* PROBLEM TO WORK ON:
Only one stretch of the listing below is wanted. Begin at the line that has "I am trying", stop after the line that has "Under Armour Girls'", and repeat every line in between exactly.

* TASK DATA:
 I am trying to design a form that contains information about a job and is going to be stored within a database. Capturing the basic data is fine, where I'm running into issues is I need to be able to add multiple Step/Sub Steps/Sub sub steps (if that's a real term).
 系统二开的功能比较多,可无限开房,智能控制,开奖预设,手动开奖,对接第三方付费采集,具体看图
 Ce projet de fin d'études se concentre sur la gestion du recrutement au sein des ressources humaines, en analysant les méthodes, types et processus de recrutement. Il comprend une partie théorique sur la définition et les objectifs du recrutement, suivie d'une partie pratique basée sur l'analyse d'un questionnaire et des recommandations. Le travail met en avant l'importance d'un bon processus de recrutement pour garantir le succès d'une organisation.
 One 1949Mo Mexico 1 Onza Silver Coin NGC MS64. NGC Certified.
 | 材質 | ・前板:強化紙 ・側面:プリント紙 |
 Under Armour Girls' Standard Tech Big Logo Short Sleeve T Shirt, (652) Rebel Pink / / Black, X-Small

--

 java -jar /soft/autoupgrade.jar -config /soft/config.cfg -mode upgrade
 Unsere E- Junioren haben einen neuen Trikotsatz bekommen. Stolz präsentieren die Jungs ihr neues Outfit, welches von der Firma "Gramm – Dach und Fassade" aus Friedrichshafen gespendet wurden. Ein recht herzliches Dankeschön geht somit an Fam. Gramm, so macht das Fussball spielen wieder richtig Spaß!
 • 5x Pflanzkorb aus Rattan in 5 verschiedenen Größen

* ANSWER TO THE PROBLEM:
 I am trying to design a form that contains information about a job and is going to be stored within a database. Capturing the basic data is fine, where I'm running into issues is I need to be able to add multiple Step/Sub Steps/Sub sub steps (if that's a real term).
 系统二开的功能比较多,可无限开房,智能控制,开奖预设,手动开奖,对接第三方付费采集,具体看图
 Ce projet de fin d'études se concentre sur la gestion du recrutement au sein des ressources humaines, en analysant les méthodes, types et processus de recrutement. Il comprend une partie théorique sur la définition et les objectifs du recrutement, suivie d'une partie pratique basée sur l'analyse d'un questionnaire et des recommandations. Le travail met en avant l'importance d'un bon processus de recrutement pour garantir le succès d'une organisation.
 One 1949Mo Mexico 1 Onza Silver Coin NGC MS64. NGC Certified.
 | 材質 | ・前板:強化紙 ・側面:プリント紙 |
 Under Armour Girls' Standard Tech Big Logo Short Sleeve T Shirt, (652) Rebel Pink / / Black, X-Small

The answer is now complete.